Movement to his side caught Teague’s eye, and he looked away from the chaos. A tall man, far taller than the crowd moving around him, was staring at Teague from beneath the rim of a tall hat. His face was skeletal, an odor of liquor like the kind Teague’s father drank, and old smoke drifting toward him. There was something different about him. The man seemed too solid for the world around him, the edges of his long black coat too sharp. Something was different, but Teague couldn’t figure out what.
The Dark Thing perked up. Whoever the man was, the Dark Thing was interested, and quietly it told Teague to be as respectful as a child his age could manage.
The man gestured to him, and Teague left his place on the wall to wind through the crowd and follow as the man left the chaos behind and found a quieter place a few stores down.
“Ya know who I am, little Through?”
Teague blinked. “I’m not supposed to talk to strangers.”
The man laughed like bugs crawling over stones. There was something about him that should have been unsettling, Teague knew that, but mostly he felt comfortable. It felt like this was someone he had been waiting to meet for a long time.
“Ya can talk to me. Ya know what’s happening with that man?”
Teague looked over his shoulder. Up close, the stranger smelled like dirt, and in fact there was dirt, scattered on his coat and caked on to his boots. He was so tall he needed to stoop to fit under the store’s awning.
“He’s dying. My Aunt is trayna help, but he’s dying.”
“Your Aunt ain’t all that good at healing the dying. Not when I’m already here. Ya want the man to die?”
Teague shrugged. It wasn’t that he wanted to see anything bad happen, it was just out of his control. It was hard to care about things like that, even when he knew he should. “I guess not.”
“Maybe he’s gotta son like you, little Through.”
Teague shrugged again. The Dark Thing hadn’t mentioned anything like that. It was too busy listening to what this tall man had to say.
“You wanna save him?” the tall man asked.
“I can’t. I dunno how to do that.”
The man grinned from beneath his hat. “I’ll teach ya. First time won’t cost ya much.” He turned and pointed with one bony hand through the window of the store. “Ya see those little bottles by the register? Take one and give it to me.”
Teague looked from the tall man to the man in the street and back. It seemed easy, and the Dark Thing certainly agreed with the idea. This was what he was supposed to do, the Dark Thing told him. They had figured it out, finally. Still, Teague had a few misgivings. He could practically hear Grace in the back of his mind.
“That’s stealing. Aunt Grace says it’s wrong to steal.”

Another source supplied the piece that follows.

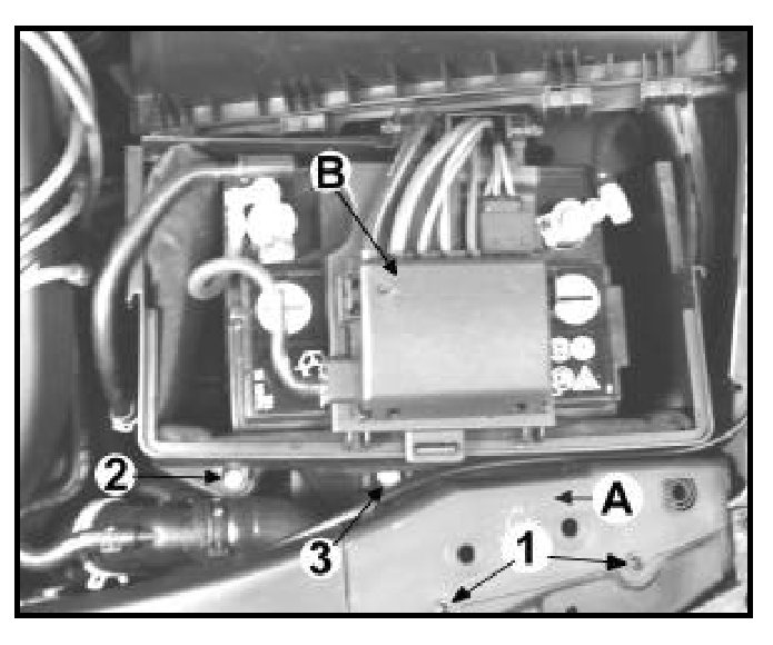 - Unsnap fuse box -B- from battery side cover, pull up and tie off Remove bolt -2-, unsnap battery side cover at both rear corners, pull up and remove battery side cover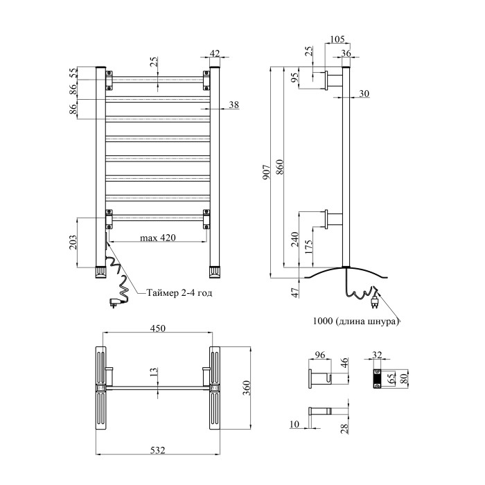 8 секцій рівномірно розподіляють тепло, а вбудований таймер на 2 та 4 години дозволяє зручно керувати часом роботи. Максимальна температура нагріву — до 50°C, що забезпечує ефективне сушіння рушників, не пересушуючи тканину.

The tall man laughed again. “Let me tell you something, little Through.” He leaned down to put his face closer to Teague’s. Up close, he looked even more unsettling, skeletal, but Teague didn’t feel the slightest bit of fear. In fact, he kind of liked this man. “Lots of rules ain’t gonna apply to you. Better get used to that now.”
Teague considered. If the man said it was alright, it was probably alright. And it would be nice to save the man in the street. People seemed to care about that. Grace seemed to care. They would forgive him for taking the bottle.

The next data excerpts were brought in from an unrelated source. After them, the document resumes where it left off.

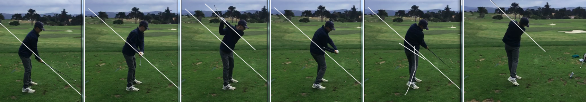 From down the line while you were swinging the SuperSpeed sticks we can see some better positions right away again. Left arm position is more in line with your shoulders at the top with the clubhead perfectly on plane halfway down. Through impact the leg is working more towards the target with the hips more open. The stick exits out of the shoulder plane into a good finish position.
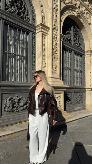 Conjunto de moda con chaqueta de cuero - Chaqueta de cuero estilo biker.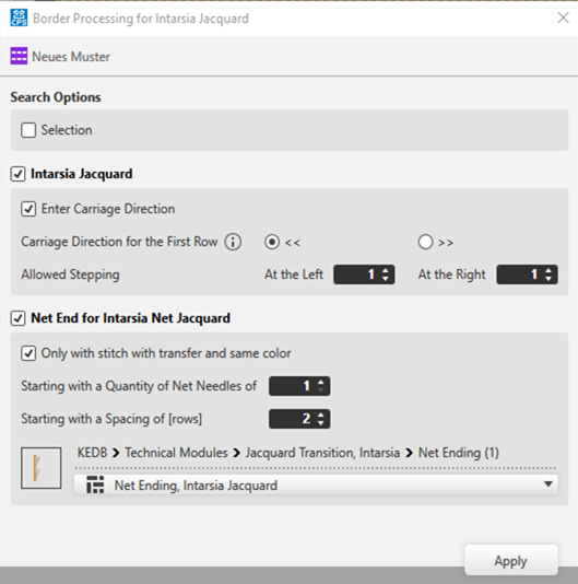 - The Border Processing for Intarsia Jacquard dialog box appears.

“Okay,” he agreed, and let the Dark Thing pull around him. He couldn’t ever be invisible, but the Dark Thing had taught him how to go places unnoticed. If they didn’t know to look, they wouldn’t see.

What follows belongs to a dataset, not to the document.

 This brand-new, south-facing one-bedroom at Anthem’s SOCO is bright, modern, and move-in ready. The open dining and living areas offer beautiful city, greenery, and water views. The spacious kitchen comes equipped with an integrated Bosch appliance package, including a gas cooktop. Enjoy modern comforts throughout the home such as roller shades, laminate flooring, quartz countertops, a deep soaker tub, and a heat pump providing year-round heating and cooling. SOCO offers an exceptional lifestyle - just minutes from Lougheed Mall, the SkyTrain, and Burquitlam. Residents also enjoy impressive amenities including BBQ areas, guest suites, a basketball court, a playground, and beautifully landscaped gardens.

Inside the shop, he snuck to the counter and waited until the man standing there looked away before reaching up and fishing a bottle from the jar. It all took less than a minute for Teague to get what he wanted and return to where the tall man waited.
He held out the bottle. “Here you go.”
The tall man clicked his tongue. “Nah, little Through. Do it right.”
Teague frowned. He thought he was doing exactly what the tall man had asked of him but… the Dark Thing whispered an answer. He wasn’t doing it right, not yet.
“Okay. Um…I want to trade you this,” Teague held up the bottle. “In exchange for helping save that man’s life.” The Dark Thing prompted him to continue. “And that’s all I want to do.”
The tall man accepted the bottle with a wide grin and snapped it open. As he tipped it into his mouth, he laughed. “Ya gonna be good at this, little Through.”